Munizza C, Olivieri L, Di Loreto G, Dionisio P
Fourth Local Health Unit, Mental Health Department, Turin, Italy.
Curr Med Res Opin. 2006 Sep;22(9):1703-13. doi: 10.1185/030079906X121039.
To evaluate the efficacy and safety of trazodone prolonged-release compared with sertraline in the treatment of patients with major depression.
A total of 122 patients aged 19-64 years were enrolled in this multicenter, double-blind, double-dummy, randomized, comparator-controlled study. Patients received 7 days of single-blind placebo treatment followed by 6 weeks of double-blind treatment with trazodone prolonged-release 150-450 mg/day (n = 62) or sertraline 50-100 mg/day (n = 60).
Efficacy was evaluated by mean changes from baseline in the Hamilton Depression Rating scale (HAM-D), Montgomery Asberg Depression Rating Scale, Hamilton Anxiety Rating scale, and the Clinical Global Impression-Global Improvement/Severity scores; and by the rates of patients responding to treatment and considered to be in remission. Time to onset of efficacy and safety were assessed.

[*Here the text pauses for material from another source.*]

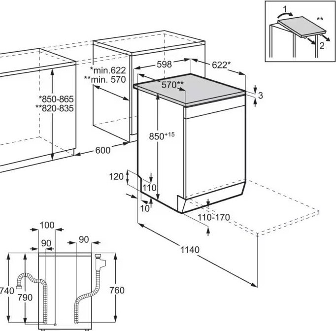 Большая часть полноразмерных и узких посудомоек встраиваемого и отдельностоящего вида имеет высоту около 82-85 см: такие модели легко размещаются под столешницей. Встраиваемые модели несколько ниже, так как у них отсутствует верхняя крышка.

Trazodone and sertraline were equally effective in reducing depressive symptoms and promoting remission, and had similar onset times. In the Intent-to-Treat population, there were no significant differences in favor of trazodone at study endpoint in all efficacy measures, while a statistically significant difference was detected in the Per-Protocol population on HAM-D and in the percentage of responders. Analysis of HAM-D factors (anxiety/somatization, cognitive disturbance, retardation, and sleep disturbance) indicated that sleep disturbances were significantly less evident for patients taking trazodone at study endpoint. Adverse drug reactions, mostly of mild intensity, were reported in 42% of trazodone-treated patients (mainly of the nervous system) and 43% of sertraline-treated patients (mainly gastrointestinal). One event was considered to be serious: a patient treated with trazodone 450 mg/day showed moderate anxiety/tremor/insomnia and was hospitalized. Treatment was discontinued; the patient made a full recovery.
This study showed that after 6 weeks, trazodone and sertraline were not different in reducing symptoms of depression and in producing disease remission. Tolerability profiles reflected the differing pharmacological properties of these antidepressants. Trazodone may be a therapeutic option in the treatment of patients with major depression showing prevalent sleep disturbances.
评估曲唑酮缓释剂与舍曲林相比治疗重度抑郁症患者的疗效和安全性。
本多中心、双盲、双模拟、随机、对照研究共纳入122例年龄在19至64岁之间的患者。患者先接受7天的单盲安慰剂治疗,随后接受6周的双盲治疗,其中曲唑酮缓释剂150 - 450毫克/天(n = 62)或舍曲林50 - 100毫克/天(n = 60)。
疗效通过汉密尔顿抑郁量表(HAM - D)、蒙哥马利 - 阿斯伯格抑郁量表、汉密尔顿焦虑量表以及临床总体印象 - 总体改善/严重程度评分从基线的平均变化来评估;并通过治疗反应率和达到缓解的患者比例来评估。评估疗效和安全性的起效时间。
曲唑酮和舍曲林在减轻抑郁症状和促进缓解方面同样有效,且起效时间相似。在意向性分析人群中,在研究终点时所有疗效指标上均未发现曲唑酮有显著优势,而在符合方案人群中,在HAM - D及反应者百分比方面检测到有统计学意义的差异。对HAM - D因子(焦虑/躯体化、认知障碍、迟缓及睡眠障碍)的分析表明,在研究终点时服用曲唑酮的患者睡眠障碍明显减轻。42%服用曲唑酮的患者(主要为神经系统不良反应)和43%服用舍曲林的患者(主要为胃肠道不良反应)报告了药物不良反应,大多为轻度。有1例事件被认为严重:1例接受450毫克/天曲唑酮治疗的患者出现中度焦虑/震颤/失眠并住院。治疗中断;患者完全康复。
本研究表明,6周后,曲唑酮和舍曲林在减轻抑郁症状和实现疾病缓解方面无差异。耐受性特征反映了这些抗抑郁药不同的药理学特性。曲唑酮可能是治疗以睡眠障碍为主的重度抑郁症患者的一种治疗选择。